Sunday, April 18, 2004

Photo from BBC News

With the election of leftist Luis Ignácio Lula da Silva (Lula), Brazilian politics looked as if they might embark on a different course from the previous neoliberalist, macroeconomic reforms of Cardoso. Yet since in power, Lula has not made any significant alterations to the macroeconomic reforms of the Cardoso era that many expected and some feared. At the same time, there is a growing sector of the Brazilian public that identifies Lula with rightwing politics.
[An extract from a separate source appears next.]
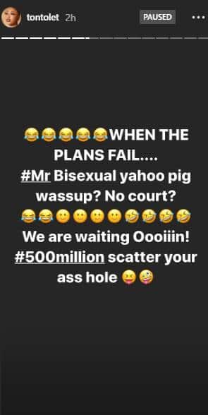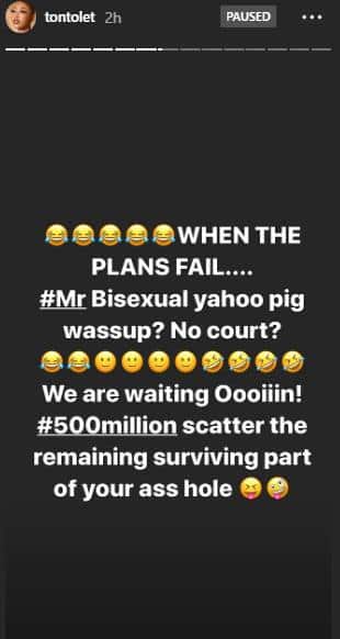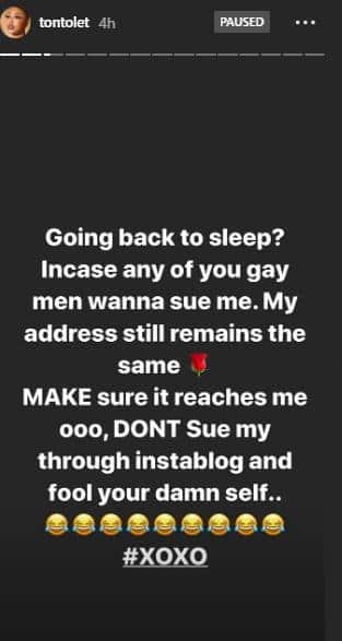 Coming after Churchill denied the allegation his former wife and actress, Tonto Dikeh heaped on him, Tonto has taken to her Instagram story to dare him to sue her if he is truly not bisexual.

In a recent Datafolha survey, 38 percent of those asked would classify Lula ideologically as belonging to the right wing, 12 percent would place him in the centre, and only 31 percent would currently place Lula as left of centre (Latin American Weekly Report, 2 September 2003).

Despite his participation in Brazilian politics as a voice for labour and union movements since the 1970s, since the past election Lula has arguably demonstrated that he plans to continue the IMF-approved austere financial measures (Financial Times, 25 June 2002). Moreover, an increasing number of Latin American scholars have regarded Lula as a descendent of Cardoso’s right-of-center economic reforms. These authors argue that although Lula’s party, the Partido do Trabalhador (PT), has traditionally represented labour interests, there has been a shift in his politics towards neoliberalism.

From his recent alliance with the Partido do Movimento Democrático Brasileiro (PMDB), to the controversy now surrounding the PT over the expulsion of more radical, critical members like senator Heloisa Helena, there is emerging evidence to support these arguments. His previous supporters are also critic of the relationship Lula has enjoyed with the IMF, traditionally viewed in Brazil as a mouthpiece for the US in international affairs.

At the end of November 2003 Lula was close to completing his first year in office. Meanwhile, the IMF hailed the president’s macroeconomic policies and issued a press release stating that ‘As the President and his administration celebrate the first anniversary of their election, we at the Fund would like to extend our congratulations for their first year in office (Press Release No. 03/182, 5 November 2003).” While this may project a somewhat stabilizing image of Brazil to foreign investors, Brazilians feel, as the Datafolha survey shows, that their president has committed himself to right-of-centre politics.

However, analysis of some other policy areas reveals that he has not abandoned his original leftist platform entirely. For instance, Lula’s foreign policy remains distinct from that of Cardoso. Although Lula has shown signs of continuing Cardoso’s market program, his international policies, unlike his domestic ones, do not seem to be geared towards appeasement of core nations but rather toward carving out a stronger and more independent stance for Brazil in the international stage. If anything, Lula’s market and trade policies seem to be geared towards the strengthening of relations with other developing nations.

But problems are on the horizon. In order to create a strong role for Brazil internationally, Lula must maintain the support of his electorate. To lose their support could mean a loss of legitimacy. And to maintain this legitimacy, Lula must advocate greater social inclusion, and the actualization of the promises made during his campaign. Lula’s approval is no longer riding on a “honeymoon” with the Brazilian electorate, and unless these reforms begin rather soon, Lula is in danger of alienating certain groups that previously supported him. Despite the constraints on Lula’s actions, imposed both externally by agents such as the IMF and internally, by necessary cooperation from a large right-of-center PMDB presence in the legislation, Lula needs to be remain more accountable to those who elected him and more sensitive to marginalized groups so as to maintain legitimacy. And in a country that has come out of military rule only a decade and a half ago, it is all the more important for a leftist opposition to establish to the public that using the democratic system to resolve conflict can work.